Take you on a tour of my inner sewers- do you think I want to destroy our friendship?"

"You can't do that, Rob. You confessed all your crimes to me already, remember? And I'm very well-read-you can't shock me."

Offering books as proof of worldiness was so typical of Edwin that Rob laughed in spite of his turmoil. The kitchen door opened and Carina came in, frowning with concentration and drying a skinless chicken drumstick on a paper towel. "Edwin, do you have any chicken stock? Or bouillon cubes?"

Edwin put his hands into the pockets of his denim shorts and turned them out. "Nope, sorry. Do you need some? Shall I pop out and pick up a few cans? I live to serve you, my darling! Rob can come with-you want to, Rob?

We can walk across the park to the store and get some exercise."

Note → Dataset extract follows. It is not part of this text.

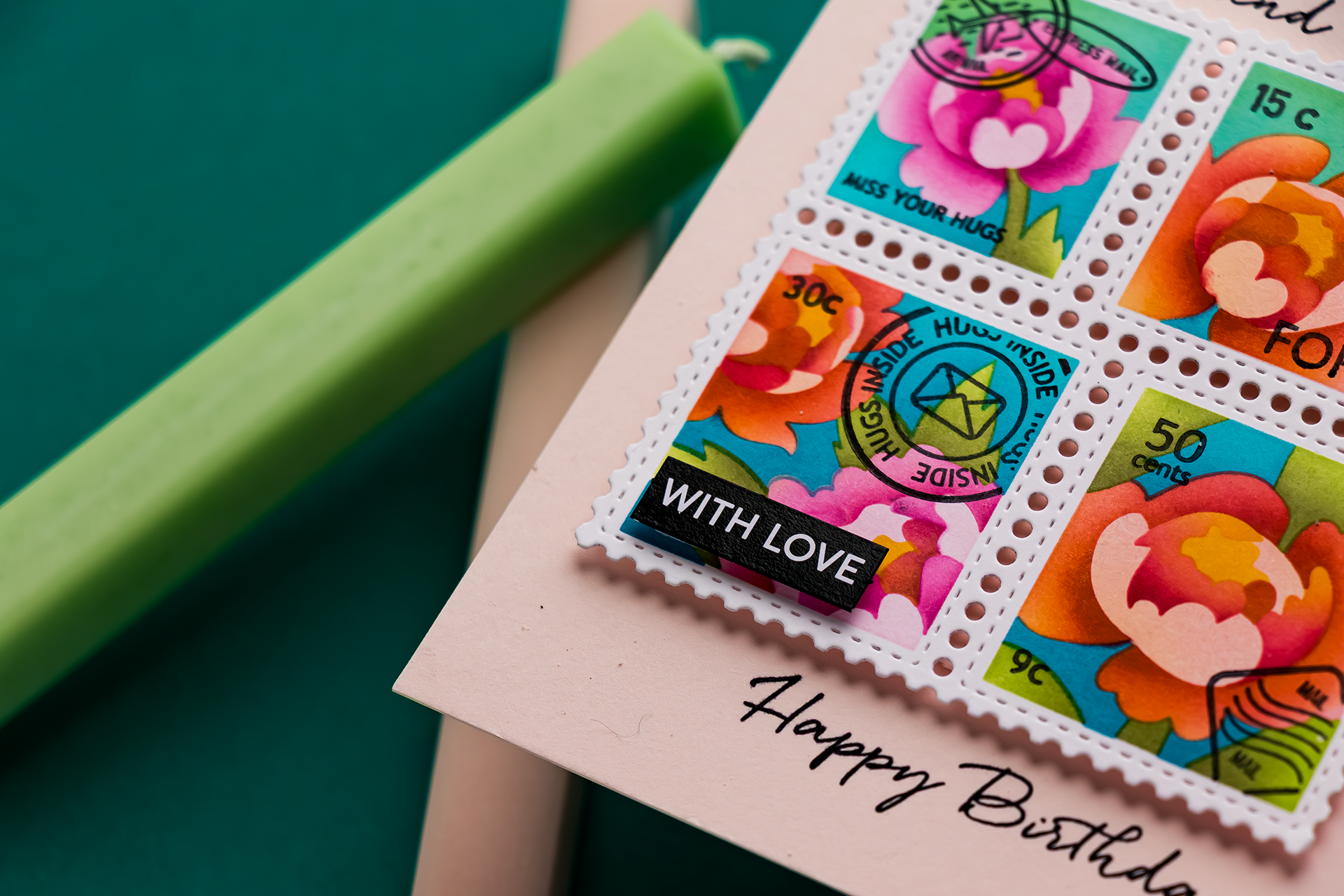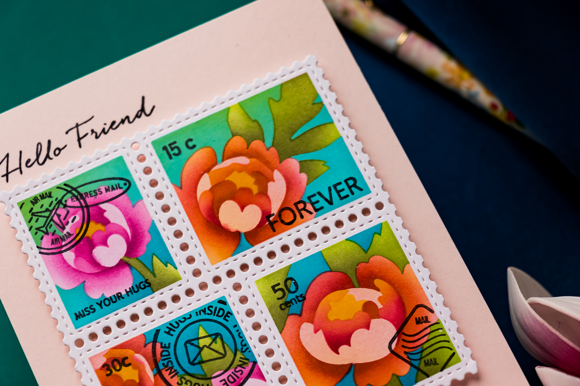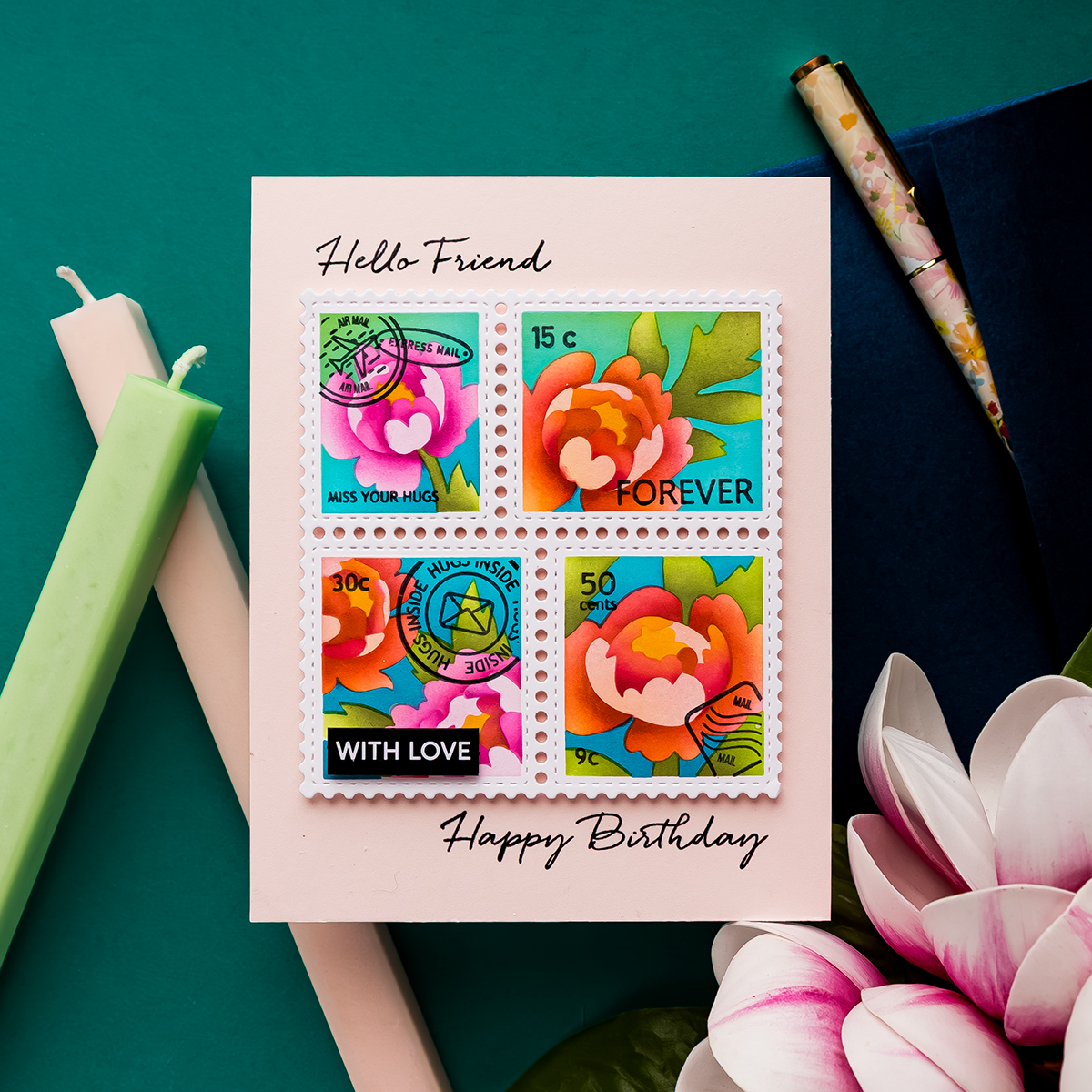 Hi friends, I’m back home from Frankfurt and still riding that creative high. You know that feeling when you’ve had products sitting in your studio for weeks, and suddenly the inspiration hits? That was me with the Waffle Flower Postage Collage collection. I’ve been itching to play with these, and once I started, I couldn’t stop.

Before Rob could formulate any objections he was out the door and heading down the steps with a grocery list in hand. Edwin loitered, ostensibly looking for the canvas shopping bag. But from the blissful satisfaction of his grin when he caught up at the bottom of the stair, he had more likely been stealing a kiss. "It's going to be so much fun being a married man,"

he told Rob happily. "We're talking three kids to start with, maybe up it to four if the NASA scheduling works out. Don't you think I'll do great as the patriarch of a large brood?"

If anything Rob found the idea comic. It was impossible to imagine Edwin as a parent. Rob carefully kept a grave countenance. "Do you have a lot of hands-on practice with babies, Ed?"

"You mean, human ones? I've raised a lot of bacteria and fruit-fly larvae.

How much of a difference can there be?"

"Umm ..." Rob decided it would only be kind not to disillusion him now. Let that first baby do it!

Edwin grinned at him. "Do I sense an aura of skepticism, Rob?"

They had crossed the parking lot and the intervening street into the park.

Suddenly Edwin put on a spurt of speed and ran at a park bench. He grasped the top slat of the seat back and without apparent effort flipped up into a briefly perfect handstand. Then he overbalanced and toppled, flailing his legs and nearly catching an ankle on the seat. "Ed, you idiot!" Rob exclaimed, laughing.